Credo che il problema e' che i programmi non aggiornati ad alsa cercano di accedere ai device direttamente mentre dovrebbero rispettare il layer di dmixer per il mixaggio software del suono.

----------

## Onip

a questo proposito consiglio di sostituire mpg123 con mpg321, che supporta pienamente Alsa

Byez

----------

## danielinux

guida ALSA di m***a!!

Nel passo di emerge alsa-driver non si dice di abilitare la flag oss... per la guida è implicito avere oss abiliato ... ma è implicito una cippa!

Ho perso 2 ore x questa str*****a!

----------

## MeMyselfAndI

e perche' invece di inveire contro una guida non la aggiorni o non segnali le eventuali modifiche da fare?

----------

## Onip

 *MeMyselfAndI wrote:*   

> e perche' invece di inveire contro una guida non la aggiorni o non segnali le eventuali modifiche da fare?

 

Pienamente daccordo

----------

## .:chrome:.

 *MeMyselfAndI wrote:*   

> e perche' invece di inveire contro una guida non la aggiorni o non segnali le eventuali modifiche da fare?

 

anche io d'accordo

oltretutto... non voglio nemmeno perdere tempo leggendo il thread, perché ho già visto che è il solito problema: la gente fa le battagli econtro i mulini a vento perché non si degna di leggere la documentazione.

comunque sia, sono rari i casi in cui è necessario installare gli alsa driver. perché non usare quelli del kernel?
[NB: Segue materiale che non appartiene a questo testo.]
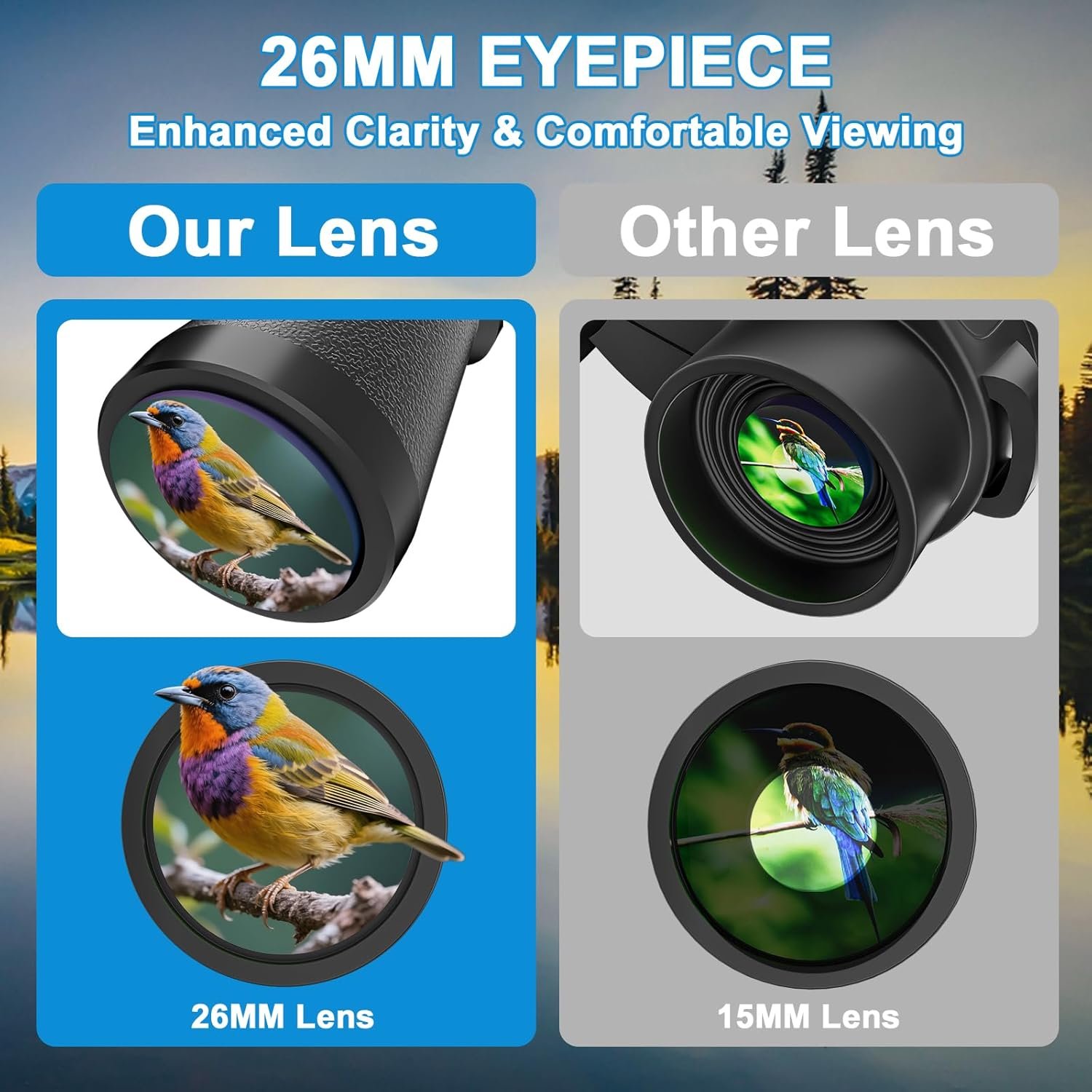 26mm Large Eyepiece – The 26mm wide eyepiece provides an immersive viewing experience with reduced eye strain. Paired with ergonomic rubber armor, these lightweight binoculars offer a secure, non-slip grip during extended use on safaris, cruises, or hikes.

basterebbe leggere la documentazione del kernel, invece che lamentarsi sempre, e si troverebbero tutte le spiegazioni di questo mondo: alsa nel kernel con emulazione OSS, che non è subsystem OSS. fine sei problemi

tutto risolto leggendo la documentazione

----------

## MeMyselfAndI

Per' io uan cosa non l'ho capita: dopo aver compilato (nel kernel o emergendoli) gli alsa-driver con supporto a oss e' necessaria anche la use flag oss nei programmi tipo mplayer et similia?oppure mi basta avere l'emulazione oss in alsa ?

----------

## .:chrome:.

se compili con la flag OSS attivi il supporto OSS

fatto questo è necessario che nel sistema ci sia qualcosa in grado di gestire questo. che si tratti di OSS vero o della OSS-emulation di ALSA non cambia nulla

----------

## danielinux

 *k.gothmog wrote:*   

>  *MeMyselfAndI wrote:*   e perche' invece di inveire contro una guida non la aggiorni o non segnali le eventuali modifiche da fare? 
> 
> anche io d'accordo
> 
> oltretutto... non voglio nemmeno perdere tempo leggendo il thread, perché ho già visto che è il solito problema: la gente fa le battagli econtro i mulini a vento perché non si degna di leggere la documentazione.
> ...

 

Per quanto riguarda la guida, provvederò a fare l'opportuna segnalzione... il mio non era una lamentela.. era + uno sfogo, dato che avevo la necesità di consegnare la macchina che stavo installando in breve tempo.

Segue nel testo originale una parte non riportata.